My task is to compare two html pages' content like how much they are different from each other. By difference I mean that how much both are different/identical w.r.t. div
s, img
s, content, and other tags (all differences a user can visually interpret. Say if you are comparing two html pages for buying a product, so the buying process has 3 steps. If I compare step2 (Credit-Card info) and step3(Checkout/Confirmation page) then almost all contents outside of the buying panel of both pages are same but inside all contents are different.
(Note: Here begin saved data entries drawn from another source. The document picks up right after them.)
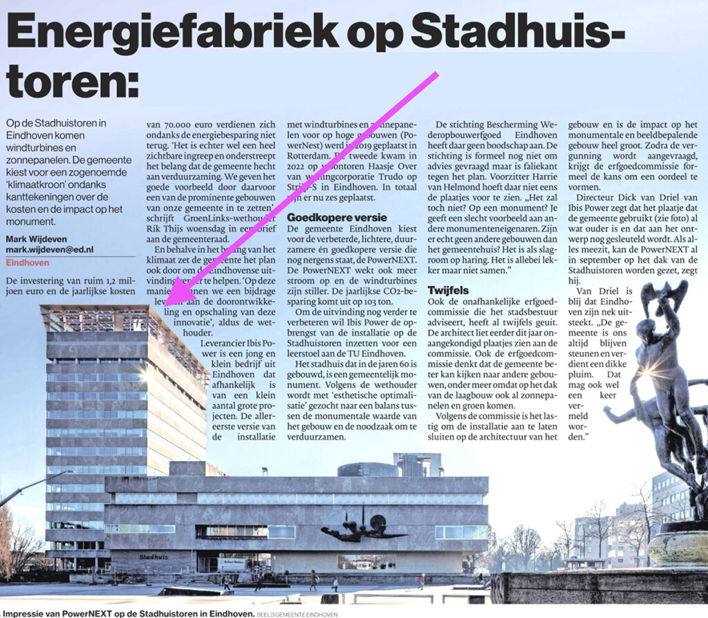 Hierbij tonen wij dan ook ons innovatieve voorstel om bovenop de luifel van de bushalte een middelhoge turbine te plaatsen die bij stevige westenwind zelfs meer stroom opwekt dan de geplande PowerNEXT installatie op de toren en de zonnepanelen op de laagbouw bij elkaar.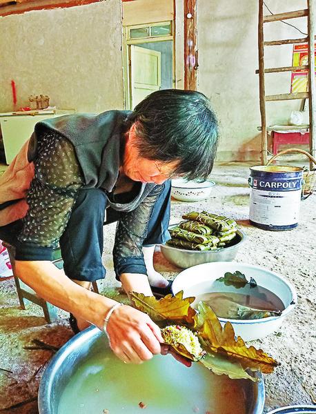 張芳棉老人用心給家人包粽子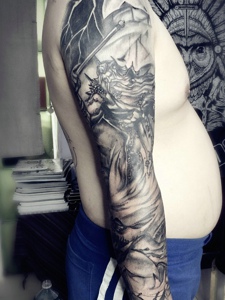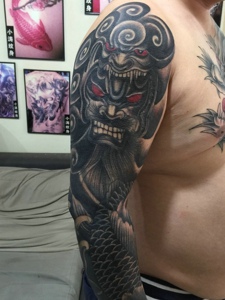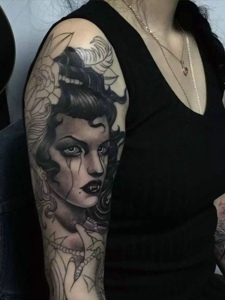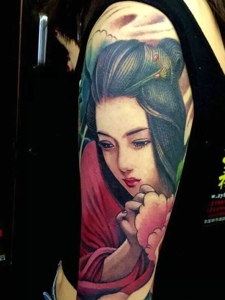 慈祥的汪妈妈花臂纹身刺青很亲切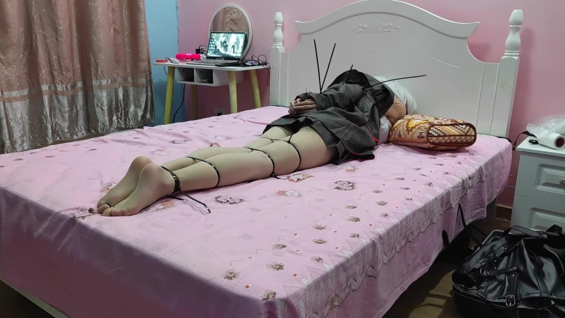 战败被抓住,并且用扎带捆住全身,深深地陷进了肉里,稍稍一活动就会全身生疼,只能乖乖地被挠痒痒

Hence user can visually interpret that both pages are different).
For this I used Levenshtein distance, the code is below
/**
* The method levenshteinDistance() is use to calculate the distance between
* two strings
*
* @param lhs
* first string
* @param rhs
* secont sreing
* @return distance
*/
public static int levenshteinDistance(CharSequence lhs, CharSequence rhs) {
int len0 = lhs.length() + 1;
int len1 = rhs.length() + 1;
// the array of distances
int[] cost = new int[len0];
int[] newcost = new int[len0];
// initial cost of skipping prefix in String s0
for (int i = 0; i < len0; i++)
cost[i] = i;
// dynamically computing the array of distances
// transformation cost for each letter in s1
for (int j = 1; j < len1; j++) {
// initial cost of skipping prefix in String s1
newcost[0] = j;
// transformation cost for each letter in s0
for (int i = 1; i < len0; i++) {
// matching current letters in both strings
int match = (lhs.charAt(i - 1) == rhs.charAt(j - 1)) ? 0 : 1;
// computing cost for each transformation
int cost_replace = cost[i - 1] + match;
int cost_insert = cost[i] + 1;
int cost_delete = newcost[i - 1] + 1;
// keep minimum cost
newcost[i] = Math.min(Math.min(cost_insert, cost_delete), cost_replace);
}
// swap cost/newcost arrays
int[] swap = cost;
cost = newcost;
newcost = swap;
}
// the distance is the cost for transforming all letters in both strings
return cost[len0 - 1];
}
Questions
1) Is Levenshtein distance a correct way to compare two big html pages ?
1.1) If yes then sometimes the strings length are greater 120000 characters. At this point Levenshtein distance consume too much resources, sometimes it halts other processes/tomcat-server for some minutes. Again Is Levenshtein distance a correct way to compare two big html pages ?
1.2) If no then suggest me a good/efficient algorithm to compare such big html pages.
P.S: I am using Java 8 and tomcat 8 as a server.